Help on Administering a Linux Server

Keyser Soze

Greetz,
I have a Debian 3r1 Server used mostly as a file server. Since I got in broadband I have allowed my mates to SSH into the server and download files to it.

Its a headless server so I use WebMin and SSH to work on it myself but what I'm looking for is the some advice or links to administering and monitoring the server and the users on it.

Probably some basic Unix admin advice would be best, such as tools such as top, last, who etc.

Thanks in advance

phil

Look at some of the excellent resource viewers that come with most Linux distributions such as top, last, who etc.

Phil.

ssh

if you are particularly security minded, you should consider installing a tripwire database.

It checks the specified parts of the filesystem for changes every night, so you can see if there has been any messing about. It isn't infallable, but it's a darn sight better than not doing anything.

There are a bunch of httpd log analysers, which would also be useful in your case... analog seems to be pretty okay.

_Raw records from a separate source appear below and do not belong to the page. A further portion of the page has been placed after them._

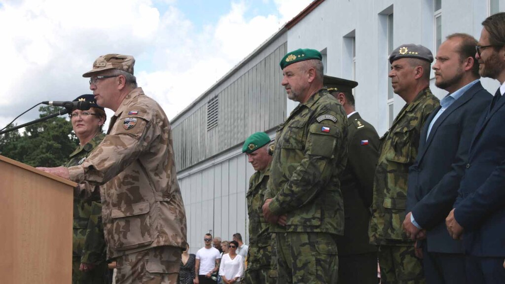 Pplk. Hatala ve svém projevu děkuje vojákům i rodinným příslušníkům.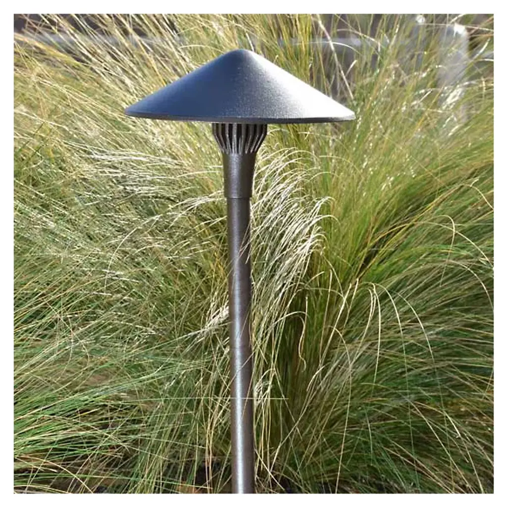 The 8 Inch Aluminum Panel LED China Hat Area Light by Focus Industries features a 4w LED panel light that is integrated into its heat sink hub. This long-lasting, energy-efficient light source is guided downwards by an 8 inch (diameter) China hat, preventing glare while also illuminating the surrounding area. Beneath the stem is a 9” ABS stake that mounts directly into the ground, allowing you to position the fixture according to your needs. Connects to a 12v landscaping electrical system. For use with magnetic transformers only (available separately).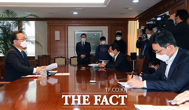 [더팩트ㅣ임영무 기자] 김부겸 국무총리(왼쪽)가 24일 오후 서울 종로구 서울정부청사 총리 집무실에서 오미크론 대응 관련 전문가 간담회를 하고 있다.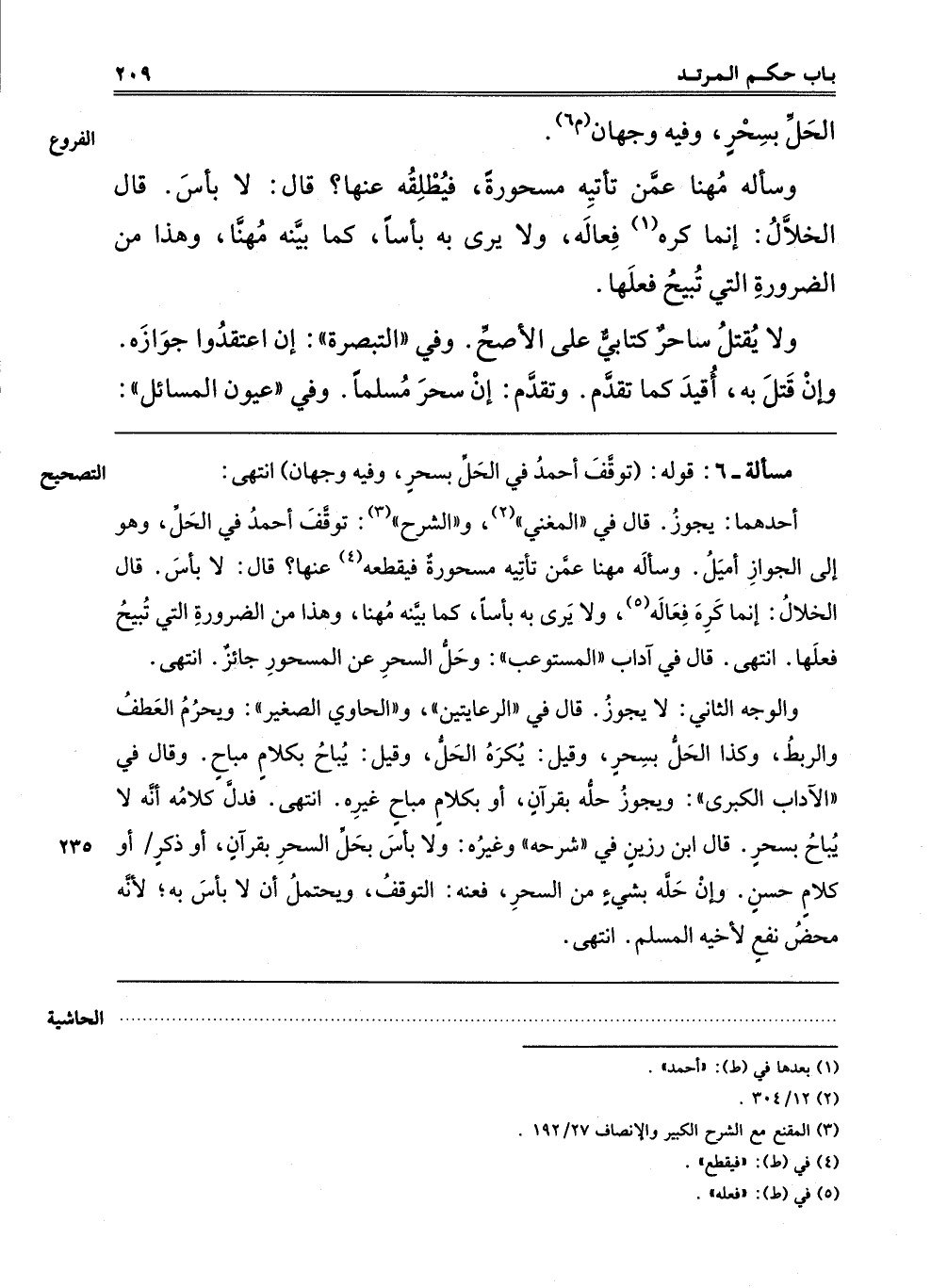 "أَحَدُهُمَا": يَجُوزُ, قَالَ فِي الْمُغْنِي2 وَالشَّرْحِ3: تَوَقَّفَ أَحْمَدُ فِي الْحِلِّ, وَهُوَ إلَى الْجَوَازِ أَمْيَلُ, وَسَأَلَهُ مُهَنَّا عَمَّنْ تَأْتِيه مَسْحُورَةٌ فَيَقْطَعُهُ4 عَنْهَا, قَالَ: لَا بَأْسَ, قَالَ الخلال: إنَّمَا كَرِهَ فِعَالَهُ5 وَلَا يَرَى بِهِ بَأْسًا, كَمَا بَيَّنَهُ مُهَنَّا, وَهَذَا مِنْ الضَّرُورَةِ الَّتِي يُبِيحُ فِعْلَهَا, انْتَهَى. قَالَ فِي آدَابِ الْمُسْتَوْعِبِ: وَحِلُّ السِّحْرِ عَنْ الْمَسْحُورِ جَائِزٌ, انْتَهَى.

Bar that, the tools you mentioned, the "w" command, netstat and lsof are good core utils.

Gerry

You could install a firewall, and only allow people to ssh in from their irish isps, or even better, if they have a static ip. Would just cut down a bit on random login attempts, which aren't a major problem unless you have a vulnerable sshd ( which you shouldn't on debian ) or extremely crap passwords. Perhaps more importantly, make some effort to use strong passwords on the server. ( google for info on what makes a strong password ).
Since you are running debian, make sure you run apt-get upgrade regularly, this upgrades your installed packages to the latest stable versions. Maybe setup a cron job to run it every day or 2.
Other stuff.. well you could run ntop or netsaint or something to monitor who is doing what with your bandwidth.

Keyser Soze

Thanks for the replies and info,
I have a an IPCop firewall running inside my modem/router (which has NAT too). I try to keep the user passwords at least 8 letters long and include a number or too.
But I'll take your advice and limit access to Irish ISPs IP Ranges.
But what damage could a user or an unauthorised user do if with an ordinary login. I've heard about root kits and such but is that possible if they don't have root/su access??

Gerry

They can exploit a service on your machine which is running with root privileges, and get themselves a root shell. Even if you keep your machine well patched up, exploits are found for common programs on a daily basis.

conor-mr2

You have also got to take into account the situation where one of your users may do something nasty to something somewhere else on the net. Its possible that it gets traced back to your computers ip address. Be useful to keep logs on your server or archived on a regular basis for a certain time.